--- Your task ---
Give an exact transcription limited to the lines from the one with "- Se forem vendidas" through the end of the entries, including both; no pictures belong in it.

**********

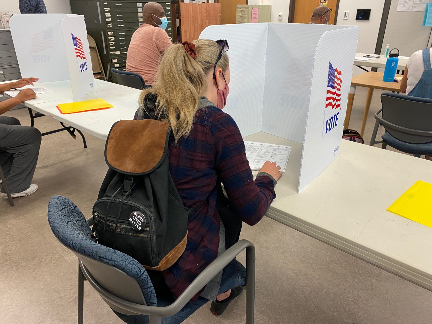 A woman fills out her ballot at Harrisburg's 6th Ward, located in the Susquehanna Art Museum, on June 2, 2020.
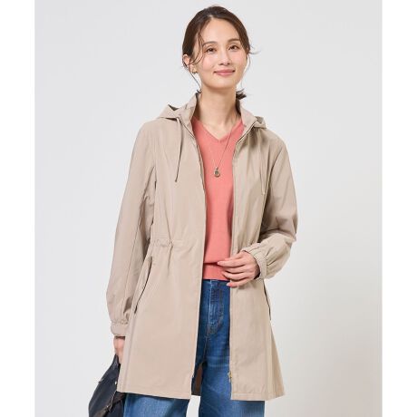 ■デザイン肌寒い季節にさっと羽織れる、軽やかな仕立てが魅力のコート。前立てから連なるスタンドカラーは、ファスナーを閉めればコンパクトに、開ければ軽やかに着こなせるデザインです。フードが取り外しできる2WAY仕様なので、きれいめからカジュアルな装いまで、幅広いスタイリングを楽しめます。ウエスト部分のドロストでシルエット調整もできます。袖口はゴムとタブ付で調節可能なため、肌寒い時期にも最適。1枚持っておくと様々なスタイルに合わせやすい頼れるアウターです。裏地なしです。
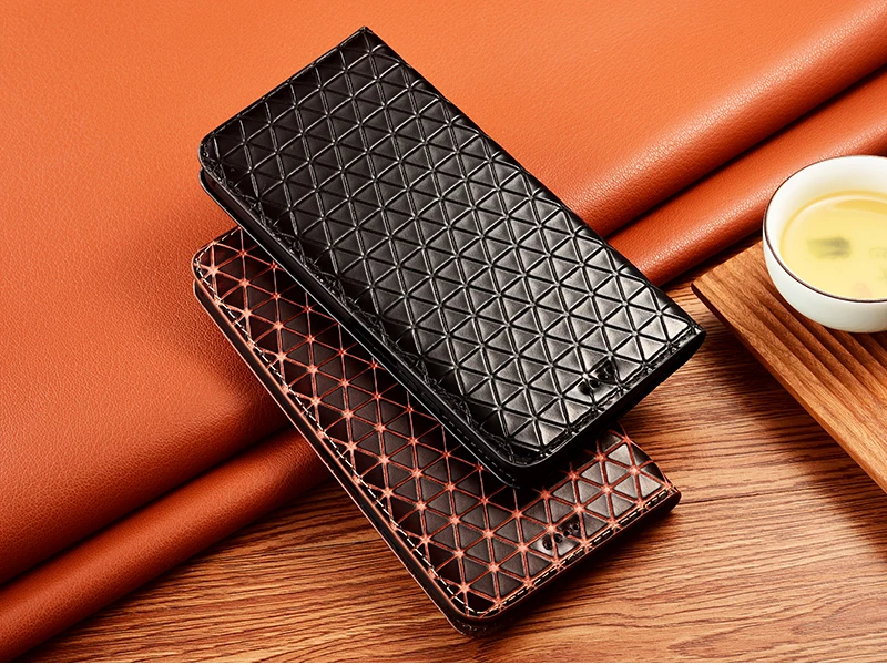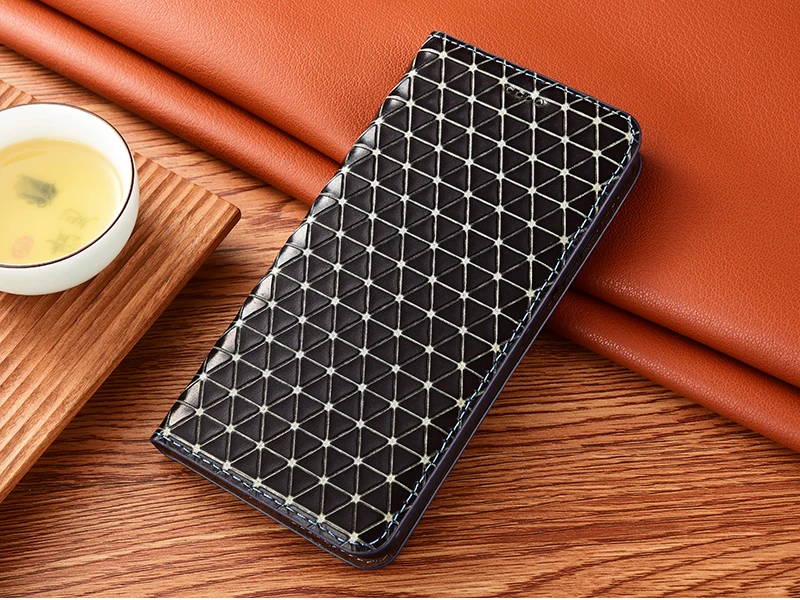 Чехол-книжка из натуральной кожи на магните с рисунком решетки для ...
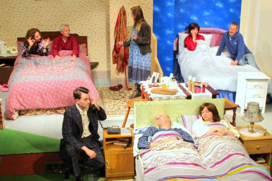 The play isn’t a farce in the traditional sense of the term: it is far more of a wholesome comedy concerning four couples and three bedrooms. There is one illicit kiss (although it’s hardly scorching) and the most any couple gets up to in bed is eating pilchards on toast! Humour, however, there is in plenty in this comedy of manners.
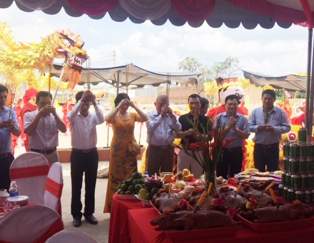 Lãnh đạo công ty thực hiện nghi lễ động thổ tại hai dự án nhà ở thương mại Phú Hồng Khang và Phú Hồng Đạt |
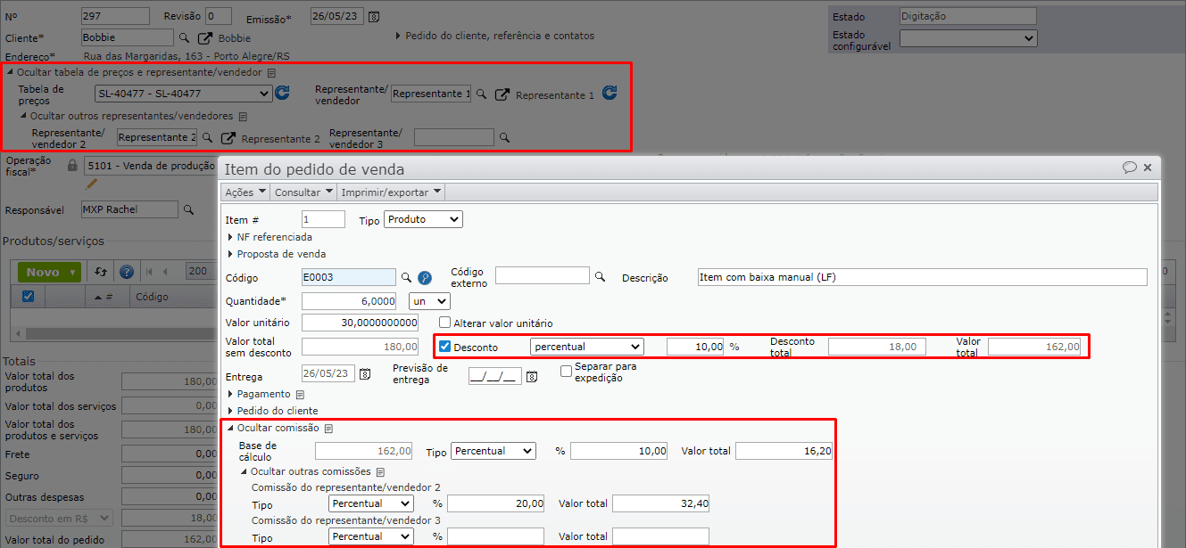 - Se forem vendidas 6 unidades do item E0003 e, no pedido de venda, forem informados dois representantes, o “Representante 1” e o “Representante 2”, por exemplo, o sistema fará uma verificação e, como há exceções que encaixam com esta quantidade e com ambos os representantes, inicializará o desconto e comissão, conforme o representante:
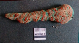 | Description / विवरण | The iron nail has a bulbous head and a tapering end with numerous surface encrustations. The piece is a part of construction fittings required in building activity. |
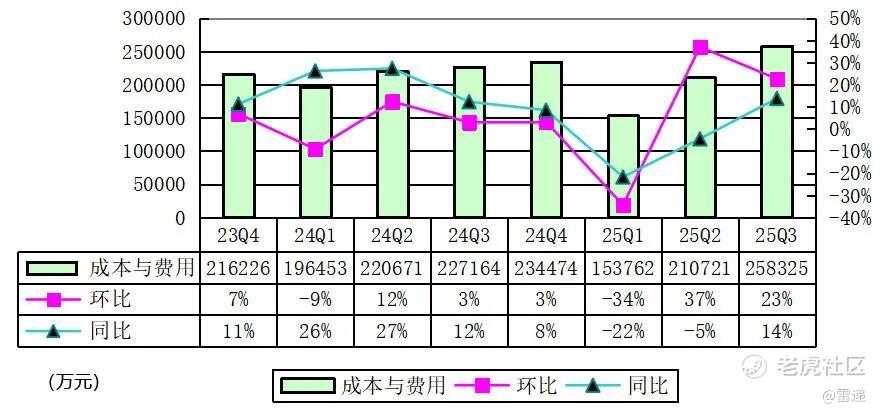 满帮2025年第三季成本与费用为25.83亿元,较上年同期的22.72亿元增长14%。

**********

--- Output below ---
 - Se forem vendidas 6 unidades do item E0003 e, no pedido de venda, forem informados dois representantes, o “Representante 1” e o “Representante 2”, por exemplo, o sistema fará uma verificação e, como há exceções que encaixam com esta quantidade e com ambos os representantes, inicializará o desconto e comissão, conforme o representante:
 | Description / विवरण | The iron nail has a bulbous head and a tapering end with numerous surface encrustations. The piece is a part of construction fittings required in building activity. |
 满帮2025年第三季成本与费用为25.83亿元,较上年同期的22.72亿元增长14%。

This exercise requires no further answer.